Lemma 9.12.1. Let $F$ be a field. Let $P \in F[x]$ be an irreducible polynomial over $F$. Let $P' = \text{d}P/\text{d}x$ be the derivative of $P$ with respect to $x$. Then one of the following two cases happens

1. $P$ and $P'$ are relatively prime, or

2. $P'$ is the zero polynomial.

The second case can only happen if $F$ has characteristic $p > 0$. In this case $P(x) = Q(x^ q)$ where $q = p^ f$ is a power of $p$ and $Q \in F[x]$ is an irreducible polynomial such that $Q$ and $Q'$ are relatively prime.

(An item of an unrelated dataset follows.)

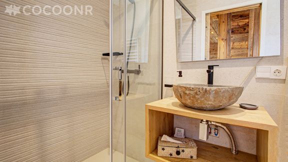 - Chambre 1 : un lit queen-size (160×200) et une salle d'eau attenante avec douche et WC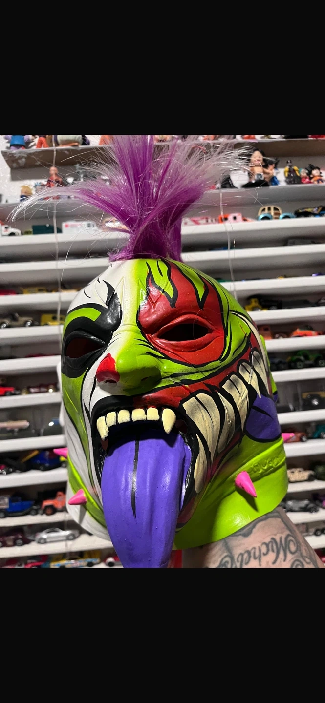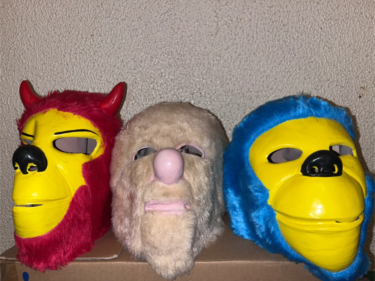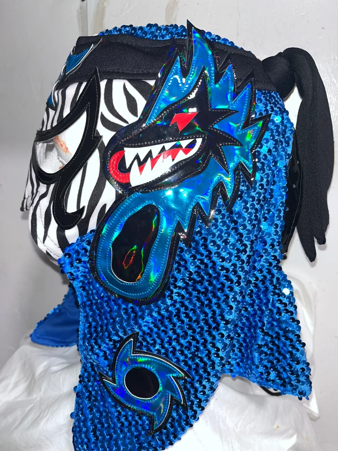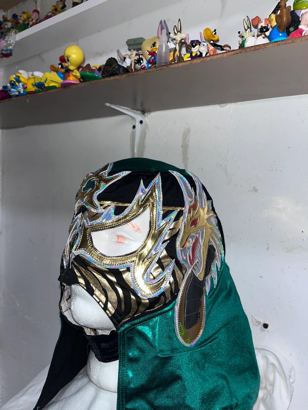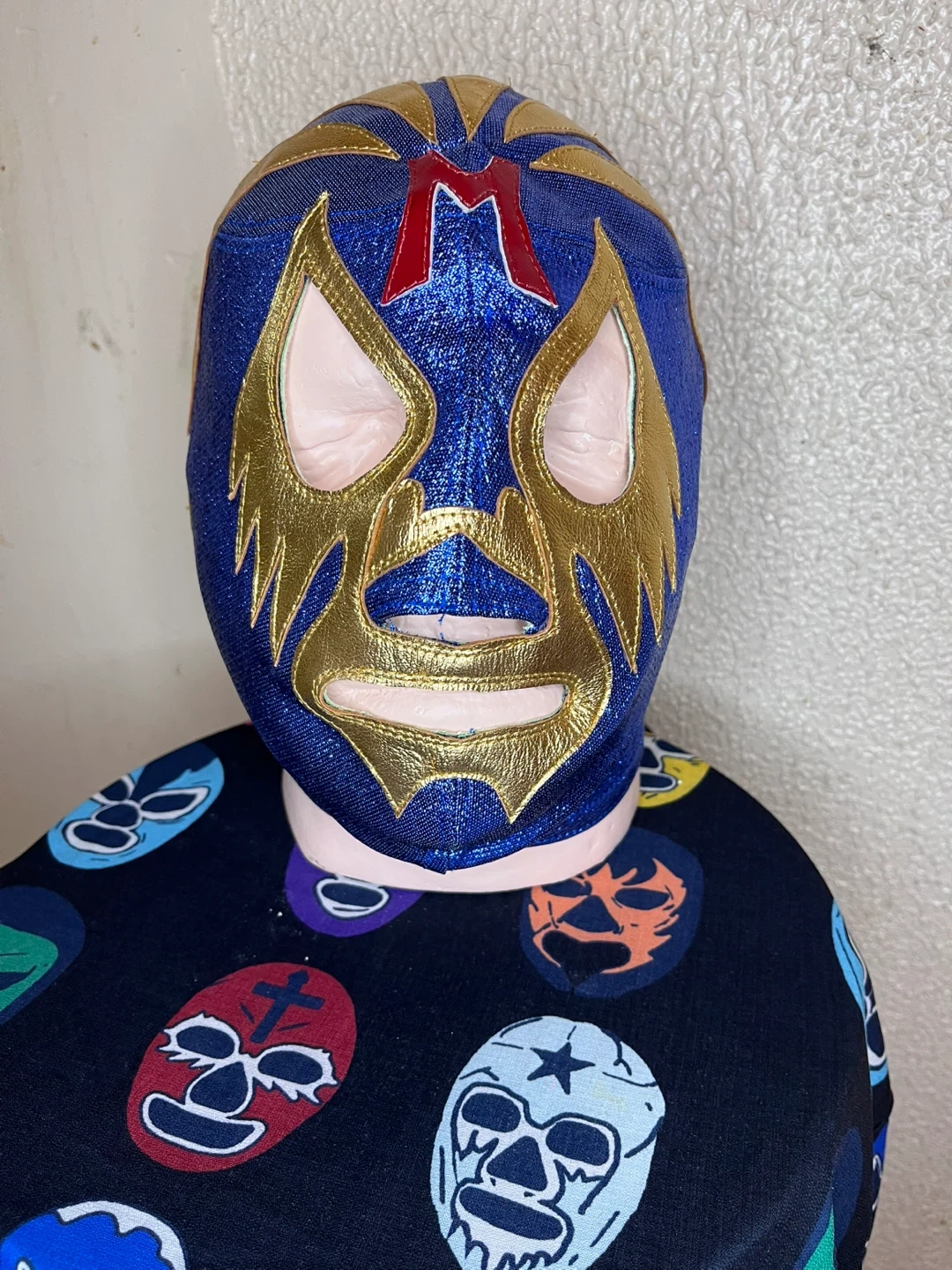 Assortment of Lucha Libre wrestling masks. Colorful designs include characters with gold accents, animal themes, and skull motifs. Fabric construction.

Proof. Note that $P'$ has degree $< \deg (P)$. Hence if $P$ and $P'$ are not relatively prime, then $(P, P') = (R)$ where $R$ is a polynomial of degree $< \deg (P)$ contradicting the irreducibility of $P$. This proves we have the dichotomy between (1) and (2).

Assume we are in case (2) and $P = a_ d x^ d + \ldots + a_0$. Then $P' = da_ d x^{d - 1} + \ldots + a_1$. In characteristic $0$ we see that this forces $a_ d, \ldots , a_1 = 0$ which would mean $P$ is constant a contradiction. Thus we conclude that the characteristic $p$ is positive. In this case the condition $P' = 0$ forces $a_ i = 0$ whenever $p$ does not divide $i$. In other words, $P(x) = P_1(x^ p)$ for some nonconstant polynomial $P_1$. Clearly, $P_1$ is irreducible as well. By induction on the degree we see that $P_1(x) = Q(x^ q)$ as in the statement of the lemma, hence $P(x) = Q(x^{pq})$ and the lemma is proved. $\square$

Definition 9.12.2. Let $F$ be a field. Let $K/F$ be an extension of fields.

1. We say an irreducible polynomial $P$ over $F$ is separable if it is relatively prime to its derivative.

2. Given $\alpha \in K$ algebraic over $F$ we say $\alpha$ is separable over $F$ if its minimal polynomial is separable over $F$.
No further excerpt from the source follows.